▸ Records for the exercise:
┄┄┄┄┄┄

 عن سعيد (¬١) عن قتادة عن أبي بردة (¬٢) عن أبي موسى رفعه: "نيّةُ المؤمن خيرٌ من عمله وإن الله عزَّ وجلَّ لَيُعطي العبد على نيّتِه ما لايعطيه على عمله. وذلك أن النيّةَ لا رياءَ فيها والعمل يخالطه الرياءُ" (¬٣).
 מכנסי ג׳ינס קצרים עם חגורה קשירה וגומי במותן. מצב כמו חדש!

┄┄┄┄┄┄

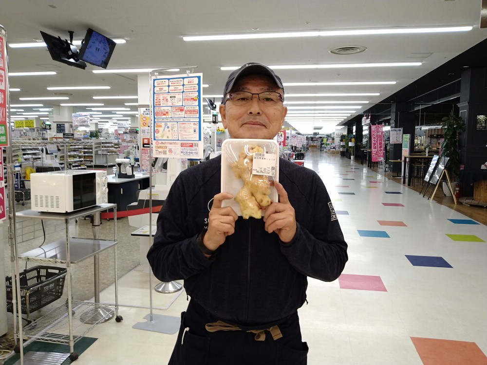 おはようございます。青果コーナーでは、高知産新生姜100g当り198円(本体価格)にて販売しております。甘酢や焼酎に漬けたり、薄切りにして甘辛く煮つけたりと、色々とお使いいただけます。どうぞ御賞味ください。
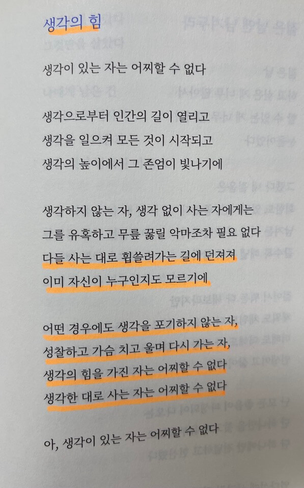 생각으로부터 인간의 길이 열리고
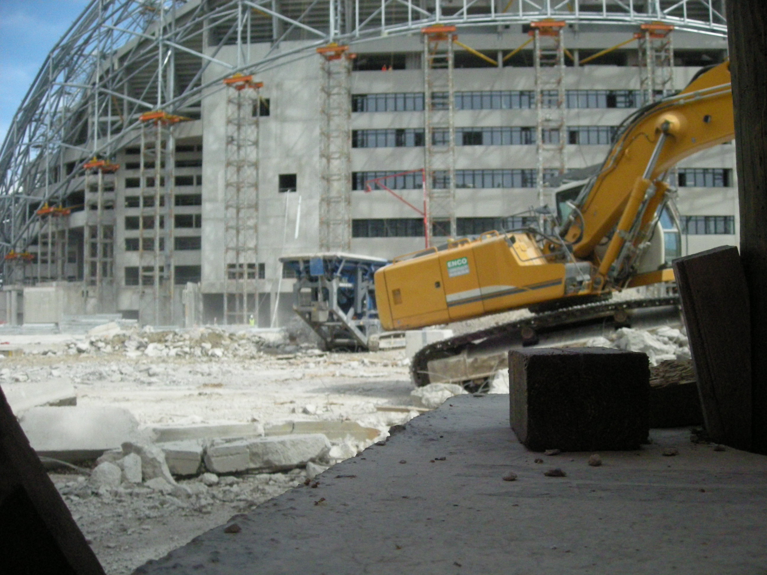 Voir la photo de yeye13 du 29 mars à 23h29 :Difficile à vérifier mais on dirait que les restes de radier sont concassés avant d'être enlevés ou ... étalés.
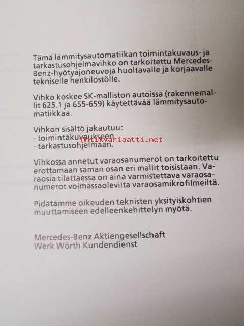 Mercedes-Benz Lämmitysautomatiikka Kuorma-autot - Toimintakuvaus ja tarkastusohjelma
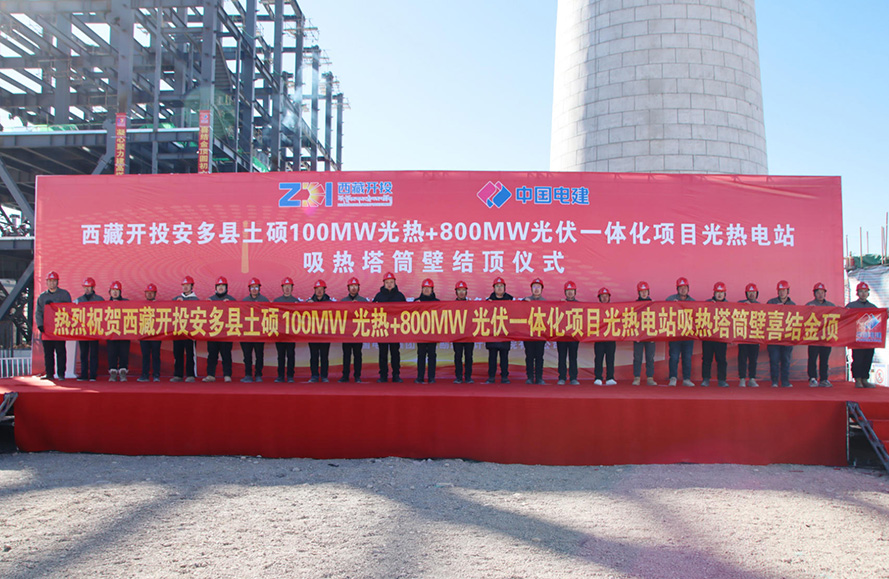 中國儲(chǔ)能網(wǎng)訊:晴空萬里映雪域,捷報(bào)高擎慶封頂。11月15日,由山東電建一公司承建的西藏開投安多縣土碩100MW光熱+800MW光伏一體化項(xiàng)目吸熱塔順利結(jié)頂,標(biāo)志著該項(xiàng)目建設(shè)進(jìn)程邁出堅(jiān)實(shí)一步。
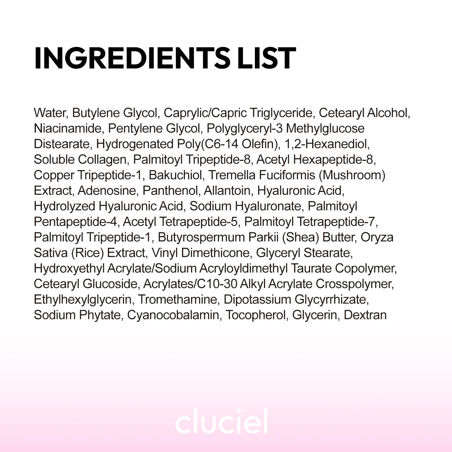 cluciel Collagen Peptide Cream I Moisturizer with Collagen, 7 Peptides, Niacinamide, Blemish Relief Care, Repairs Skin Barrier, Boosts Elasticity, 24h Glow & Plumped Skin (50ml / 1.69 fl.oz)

┄┄┄┄┄┄

▸ The problem: Once the line with "おはようございます。青果コー" has been found above, output that line and every later line exactly, stopping after the line with "Voir la photo", and omit the pictures.

▸ Answer section:
 おはようございます。青果コーナーでは、高知産新生姜100g当り198円(本体価格)にて販売しております。甘酢や焼酎に漬けたり、薄切りにして甘辛く煮つけたりと、色々とお使いいただけます。どうぞ御賞味ください。
 생각으로부터 인간의 길이 열리고
 Voir la photo de yeye13 du 29 mars à 23h29 :Difficile à vérifier mais on dirait que les restes de radier sont concassés avant d'être enlevés ou ... étalés.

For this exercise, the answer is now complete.